Aids affects entire families and not just the infected individual. In most households, more than one family member is infected with, and eventually dies from, Aids. Moreover, the most severely ill family member is often cared for by another family member, who is also HIV-positive. Rejoice is aware of these factors and structures its services to address the diverse needs of the affected families.
UNAIDS, the World Health Organisation (WHO) and the Royal Thai government all estimate that there are at present approximately 90,000 people in Chiang Mai province suffering from HIV/Aids and related illnesses. This figure includes an estimated 4,000 people in the terminal stages of Aids. In the upper North, adjacent to the Chiang Mai province, an additional 400,000 people are thought to be infected.

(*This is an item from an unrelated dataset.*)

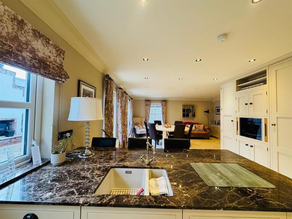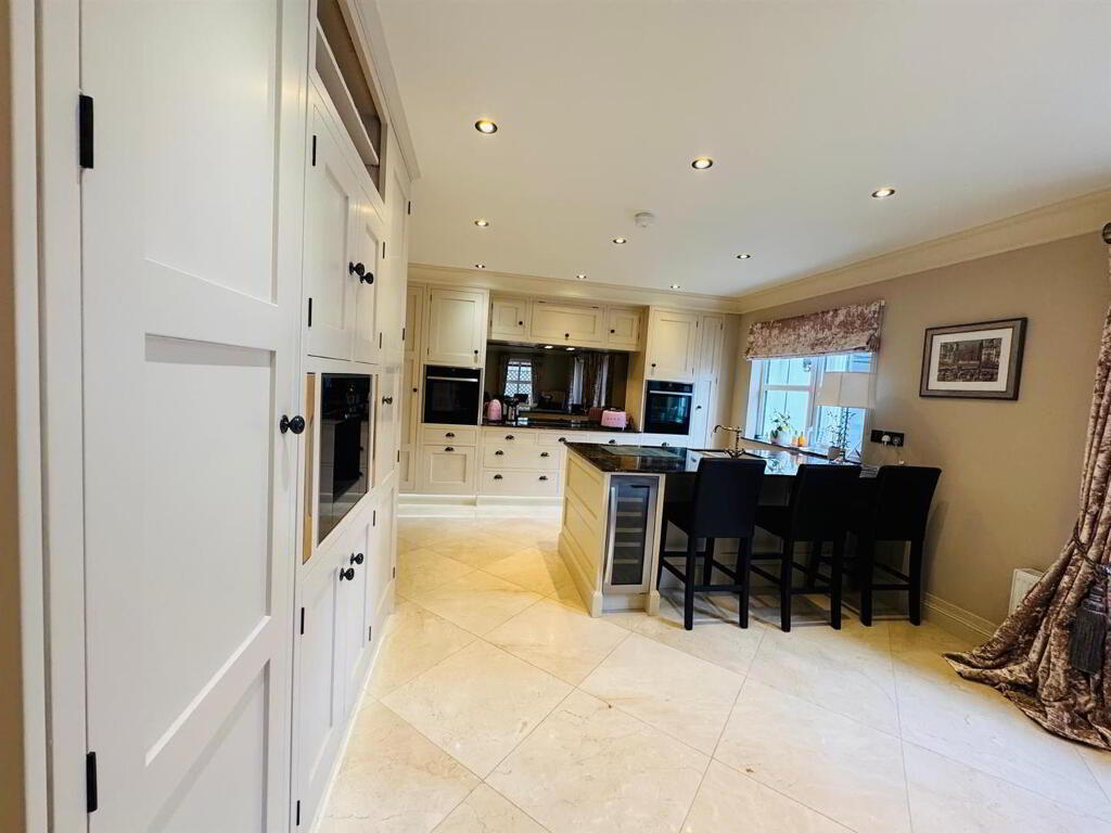 Having excellent range of eye and low level units, granite worktops, centre island with 1 1/2 bowl sink unit, integrated bins and dishwasher, wine cooler, two ovens, induction hob, extractor hood, integrated coffee machine, integrated fridge/freezer, dual aspect, ceililng cornicing, recessed lighting, ample dining space, tiled floor, French doors to rear.

Thailand has a population of about 70 million people. In 2002 the Royal Thai government estimated that 1 in 60 of the population, or just over 1%, was infected with HIV. However, the WHO believes that a further 20% can be added to this figure, bringing the proportion infected with HIV to almost 3%, or about 2.6 million people.

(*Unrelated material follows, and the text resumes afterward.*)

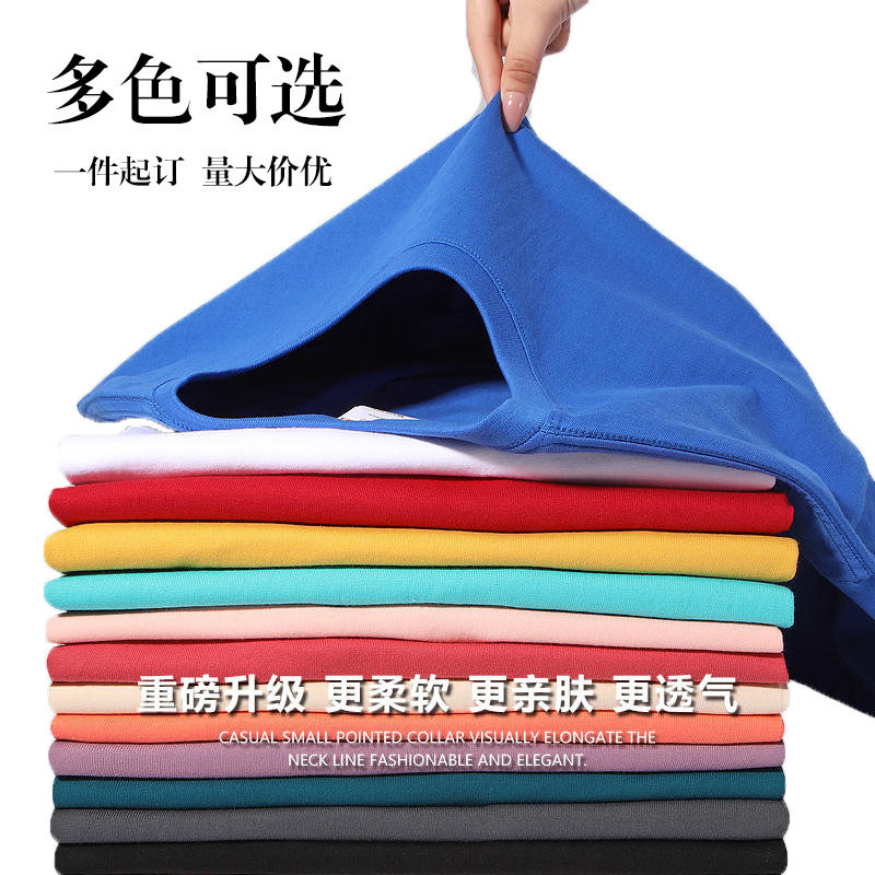 纯棉t恤工作服定制logo印图刺绣重磅圆领短袖班服文化衫印字

Chiang Mai is situated in the upper-northern part of Thailand, about 1,027 feet above sea level. The province’s capital, Chiang Mai City, is around 720 kilometres and one hour by air from the capital, Bangkok. With a land area of 20,107 square kilometres, Chiang Mai province is the second largest in the country. About 83% of the land area is covered by mountains and forests, 13% is cultivated by farmers and 5% is used for residential and other purposes.
The current population of Chiang Mai Province is estimated by the Thai government at around 2.7 million people. There are 1,072 communities dispersed throughout the province. Ethnic groups include eleven major tribes: Karen, Lahu, Lisu, Lawa, Akha, Yao, Meo, Khamu, Hmong, Barong and tribal Chinese, plus several smaller minority groups, such as the Shan and Chin nationals. However, this diversity often leads to a fragmentation of the population into ethnic enclaves, each possessing a distinct set of medical and social needs.
The Aids virus is a devastating common denominator among all of these sub-populations. Chiang Mai had the misfortune of being one of the earliest epicentres of the Aids epidemic in Thailand. Today, the increasing number of infected individuals succumbing to Aids-related diseases has given rise to additional economic and social needs as well as the usual medical ones among the local population.